Otros platos del “Fundo del Parral” son el Arroz con mariscos, arroz con conchas, langosta al ajo, el mero a lo macho, las brochetas con langostino, mariscos a la parrilla, ceviches de todo tipo, es decir, un mundo de sabores que merece probar en una incursión que no le costará más que llegar al lugar y degustar esos majares del mar en su mesa. “No nos olvidemos de la chicha de jora, tan típica del norte de nuestro país”, afirma.

Av. Talara 498, Jesús María

Pide y lo tendrás

Pocos son los restaurantes interactivos y “Fundo del Parral” pretende serlo. ¿Cómo así? “La gente pedirá con una llamada o en nuestras redes sociales el plato que quiere comer ese día. Si quiere langostas a la meniere, la tendrá, si quiere conchas negras frescas, también.
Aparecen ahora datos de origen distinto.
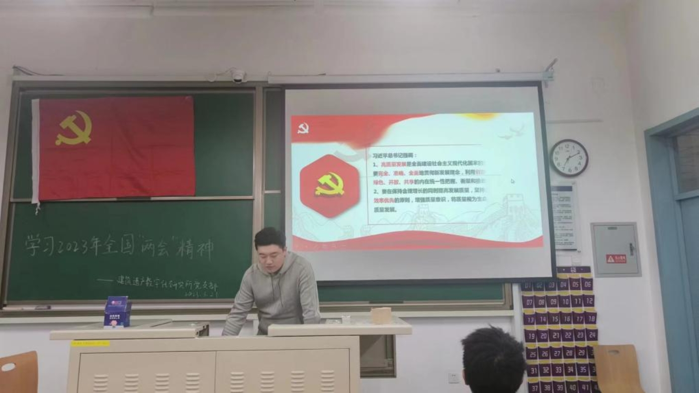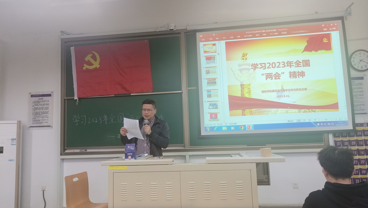 3月21日晚,建筑遗产数字化研究所党支部围绕学习贯彻2023年全国“两会”精神举行专题学习会。支部33名党员参加,支部书记危双丰主持。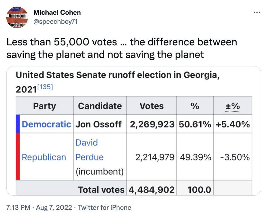 Yes, ring the bells, set the fireworks off, Democrats in Washington have, lemme see if I’m reading this correctly, “done something”??? After over 18 months of hell, and the headfake to end all headfakes from Joe Manchin, Senate Democrats passed the Build Back Better Inflation Reduction Act on a 51-50 party line split, with Vice President Kamala Harris casting the tie-breaking vote. (And yes, every time I write something like “51 Democrats back the IRA,” it is funny to me.) Among other things, the IRA (lol again) contains the biggest government investment in American history in the fight against climate change; the consensus is that the climate provisions in the bill will cut emissions by around 40 percent by 2030. The IRA (sorry, but it’s still funny) will also allow Medicare to negotiate the cost of some prescription drugs and will raise some taxes on big corporations.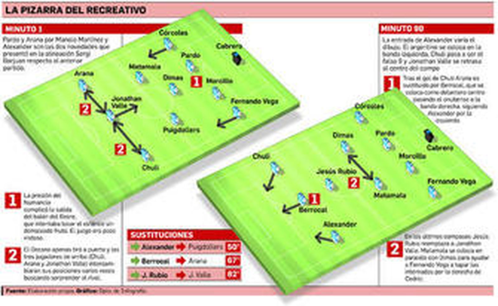 Ayer una de las novedades fue la titularidad de Arana en la banda derecha. El sevillano dio muestras de su potencial y protagonizó algunas internadas peligrosas. De hecho en una de ellas nació el primer tanto del Recre, cuando intentó hacerle una vaselina a Herrerín.
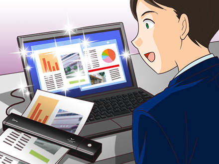 「勉強会や交流会でもらった名刺とか、ほかの人のセミナーで使われた資料の取り込みに便利です。名刺や資料は、もらってすぐにスキャンしてパソコンで整理するようにしています。オフィスに戻ってからだと、整理するのを忘れてしまうことも多いので(笑)」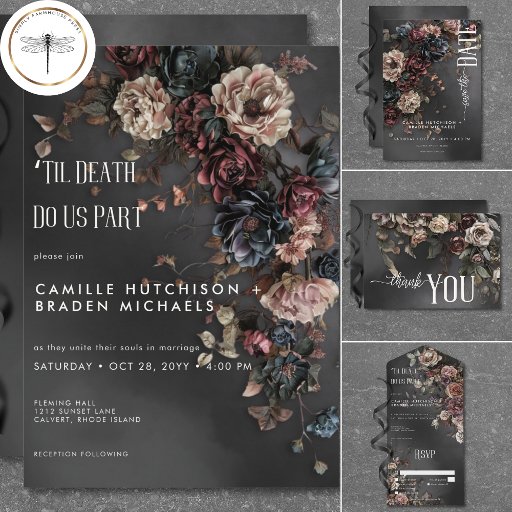 Menu Black Moody Gothic Flowers & Mist Mariage

Nuestros proveedores enviarán desde el norte el producto y aquí lo convertiremos en el más delicioso plato”, señala Julio Gago Vicuña, uno de los propietarios del restaurante.

Abogado de profesión pero con una clara inclinación por la gastronomía, Gago precisa que “Fundo del Parral” quiere convertirse en un restaurante interactivo, distinto, donde el cliente sienta que su paladar puede contar con un aliado, sin intermediarios y a su pedido. “Ese es nuestro sello de distinción”, acota.

Recordemos que la comida tumbesina tiene un alto potencial nutricional. Respecto a su contenido, destacan las vitaminas B, A y D y algunos minerales como fósforo, potasio, sodio, calcio, magnesio, hierro, yodo y también omega 3 según el pescado que se consuma. “Comer rico no cuesta mucho”, finaliza Gago, apostado por un negocio de calidad y distinción.